= REQUIRED WORK =
Starting at the line that holds "The high to", reproduce each line exactly up to and including the last line of the records below. Pictures stay out.

= LISTED RECORDS =
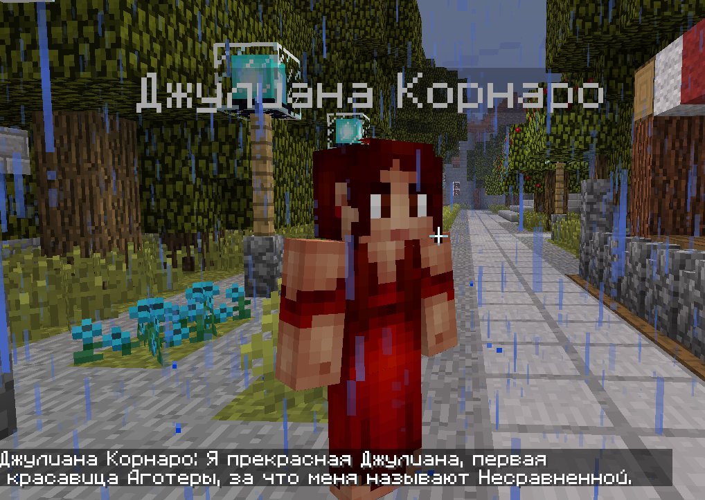 Это Джулиана Корнаро, она натурщица для художника Симона Ботарчи, одна из самых красивых девушек в столице, характер немного надменный, но в целом она добродушная. В игре она выходит из своего дома, прогуливается по центру и идет к Симону домой, где он "творит" свои картины, после возвращается домой.
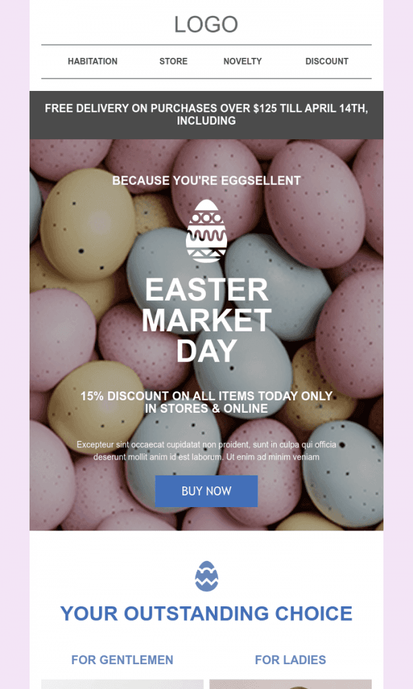A template for an Easter newsletter, where you can include a music playlist for the holiday. The email also has space for a video. The design is done in purple tones, which adds style and a festive mood to the message.
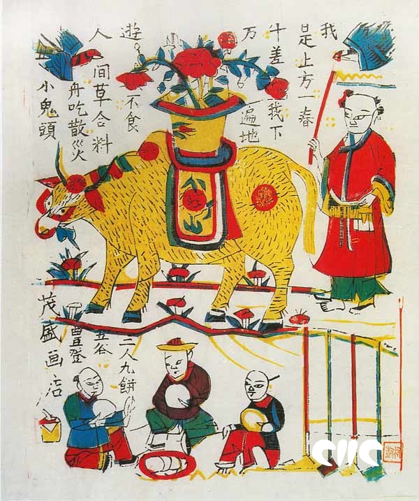 后来,耕人演变成司掌万物萌生的芒神,牛的模型或真牛均被加以彩饰,参加丰富多彩的迎春活动。北宋时,在立春的前一天,京城开封府要向皇宫进献春牛(土牛),各重要衙署也置春牛(土牛)于衙署门前,以示各级政府重视农耕。到了立春之日的凌晨,将置于皇宫及政府各衙署门前的春牛打碎,是为“打春”。市民争抢被打碎的春牛残片,抱回家中,成为祛病、宜蚕、祈求丰年的吉祥物。从那时起,迎春、打春便成为一项重要的庆祝活动,在城市、农村展开。象征吉祥的牛,被画家及民间艺人画成迎春的年画及彩塑在市面上出售,很受人们欢迎。春牛图则成为年画、剪纸、刺绣等领域常见的题材。
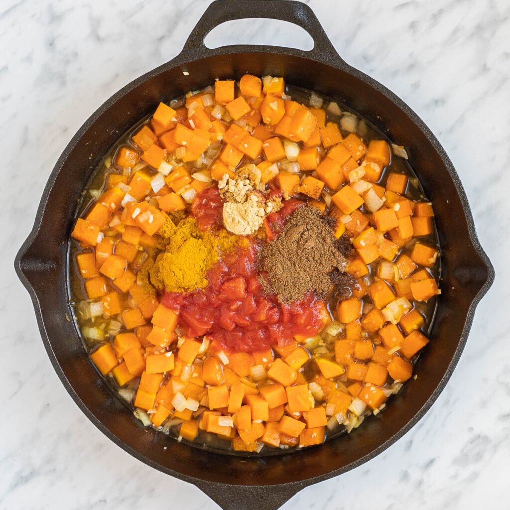 1. Add cubed butternut squash to the pan and stir to coat with the spices.
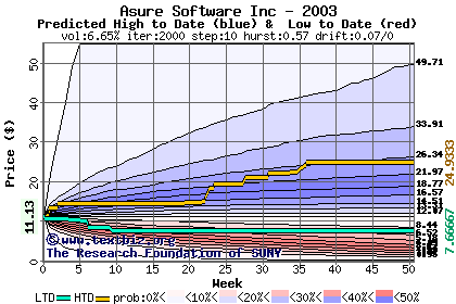 The high to date and low to date prices of the stock plotted against a random walk model for 2003 (what's this?).
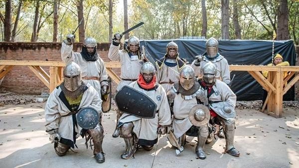 全甲格斗是一项融合历史文化复原与近身格斗对抗的运动。依照规则,选手须身穿与13到17世纪形制相符的盔甲,使用经过钝化处理、符合安全标准、还原古代形制的武器,在规则框架下进行单人或团队对抗,“模拟古代战场的情景”。00后管小奇外号“邮差”,2023年去俄罗斯参赛后感受到全甲格斗的发展潜力,便从一家机器人公司的项目管理职位上辞职,在北京和队友创立了“山河武社”,为感兴趣的队伍提供专业训练,也向大众开放兵击体验。
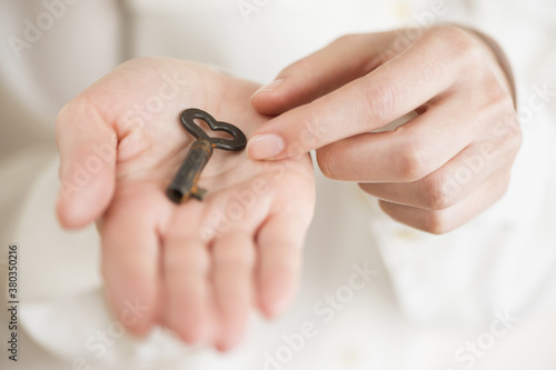 Female hand holding heart-shaped key

= TASK ANSWER =
 The high to date and low to date prices of the stock plotted against a random walk model for 2003 (what's this?).
 全甲格斗是一项融合历史文化复原与近身格斗对抗的运动。依照规则,选手须身穿与13到17世纪形制相符的盔甲,使用经过钝化处理、符合安全标准、还原古代形制的武器,在规则框架下进行单人或团队对抗,“模拟古代战场的情景”。00后管小奇外号“邮差”,2023年去俄罗斯参赛后感受到全甲格斗的发展潜力,便从一家机器人公司的项目管理职位上辞职,在北京和队友创立了“山河武社”,为感兴趣的队伍提供专业训练,也向大众开放兵击体验。
 Female hand holding heart-shaped key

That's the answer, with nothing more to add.